▶ **YOUR GOAL**
Give back exactly the lines of the material below that start at the line containing "Lot:21 大清丁未铜币十文 PCGS AU55" and end at the line containing "为提升参赛师生对赛事的认知水", and no others.

▶ **RECORDS TO PROCESS**
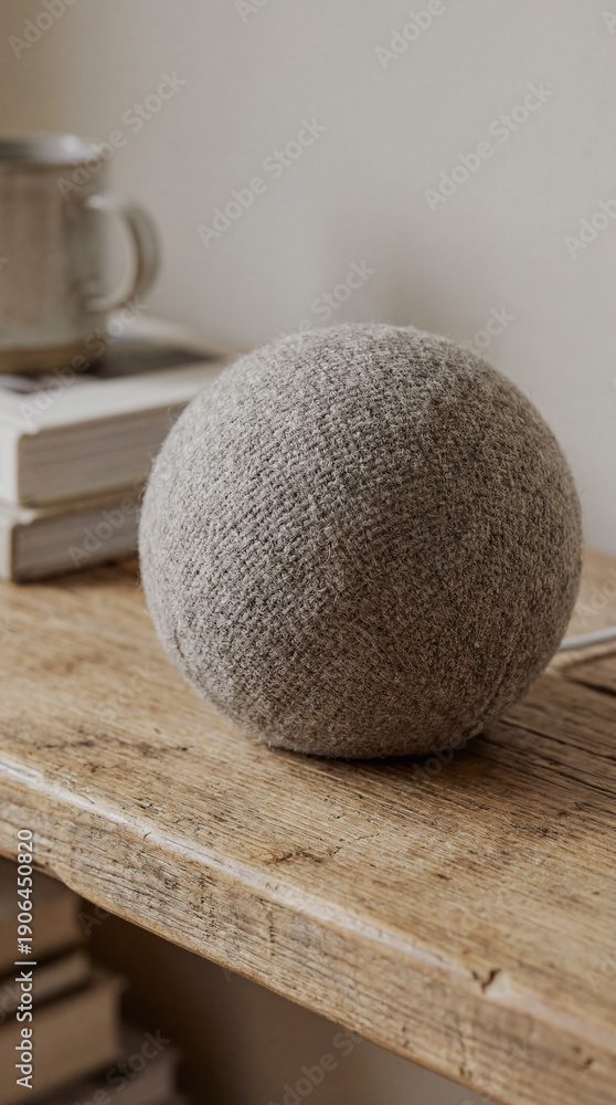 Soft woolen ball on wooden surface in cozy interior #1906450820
* * *
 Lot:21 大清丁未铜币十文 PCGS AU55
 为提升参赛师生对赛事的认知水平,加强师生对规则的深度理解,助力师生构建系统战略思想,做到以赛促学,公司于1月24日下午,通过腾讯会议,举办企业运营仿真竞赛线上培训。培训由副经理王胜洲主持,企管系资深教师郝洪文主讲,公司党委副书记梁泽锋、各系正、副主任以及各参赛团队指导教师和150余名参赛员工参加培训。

▶ **EXERCISE ANSWER**
 Lot:21 大清丁未铜币十文 PCGS AU55
 为提升参赛师生对赛事的认知水平,加强师生对规则的深度理解,助力师生构建系统战略思想,做到以赛促学,公司于1月24日下午,通过腾讯会议,举办企业运营仿真竞赛线上培训。培训由副经理王胜洲主持,企管系资深教师郝洪文主讲,公司党委副书记梁泽锋、各系正、副主任以及各参赛团队指导教师和150余名参赛员工参加培训。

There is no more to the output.